Figure 1: A: transverse (a) and longitudinal (b) ultrasound scans of the left thyroid lobe. B: transverse (a) and longitudinal (b) ultrasound scans of the esophageal lesion outside the posterior pole of the left thyroid lobe.
Figure 2: Transverse (a) and longitudinal (b) sonograms show a hypoechoic lesion with internal hyperechoic foci and hypoechoic rim.
Figure 3: Esophagogram shows a 2 cm oval wall irregularity on the back slope of the distal cervical esophagus.

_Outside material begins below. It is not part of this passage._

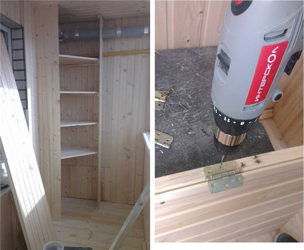Стойки не крепили. Прибили бруски на потолке и к полу, к ним стенки. Они получились короткие — в три дощечки. К вагонке стен прибили планки, на которые уложили ту же вагонку, вырезанную по получившейся форме шкафа.
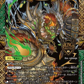 バズレンダ [cc03](このクリーチャーのコストを支払う時、追加で [cc03]を好きな回数支払ってもよい。このクリーチャーがバトルゾーンに出た時、その[OL]能力を1回と、追加で[cc03]支払った回数、使う){OL}自分の山札をシャッフルし、上から1枚目を表向きにする。それがクリーチャーなら、コストを支払わずに召喚してもよい。呪文なら、コストを支払わずに唱えてもよい。マッハファイターW・ブレイカー

This case report was written according to ethical standards. The patient gave her written consent for publication.

3. Discussion

This is the first case report of a misdiagnosis of thyroid nodule due to an esophageal fibrovascular polyp. The differential diagnosis is important to prevent an unnecessary fine needle aspiration biopsy and to refer the patient to a gastroenterologist. Even if US is not the best technique to explore an esophageal lesion, it should be suspected when a mass is seen outside of the thyroid, in most cases posteriorly to the left lobe, and in continuity with the esophagus. Normal esophagus is easily identified thanks to its typical gut sonographic signature, such as hypoechoic mass with internal echogenic dots, peripheral hyperechoic concentric striae, and changing of shape when the patient swallows. However, some abnormalities of the cervical portion may be misdiagnosed as thyroid pathology.

Fibrovascular polyps of esophagus are rare benign tumors of the upper third of the esophagus, burdened by a low detection rate due to the fact that most patients are asymptomatic [3], as in the case presented here. These pedunculated intraluminal masses can demonstrate massive growth, leading to sudden death by block of the larynx and trachea [3]. Due to such potentially disastrous complications, removal of benign esophageal polyps is recommended [4]. Actually, our patient was referred to surgery because of the histological suspicion of a squamous cell papilloma, a lesion with malignant potential [5]. Luckily, the suspicion was not confirmed by the final histological diagnosis. An important aspect of this case is the initial misdiagnosis of thyroid nodule, immediately resolved by performing a targeted thyroid US in experienced hands. Thyroid US should be performed by skilled physicians to better discriminate real thyroid alterations.

In conclusion, the possibility of esophageal pathologies should be considered when a hypoechoic lesion is detected posterior to the left thyroid lobe and in continuity with the esophagus.

Conflict of Interests

No competing financial interests exist.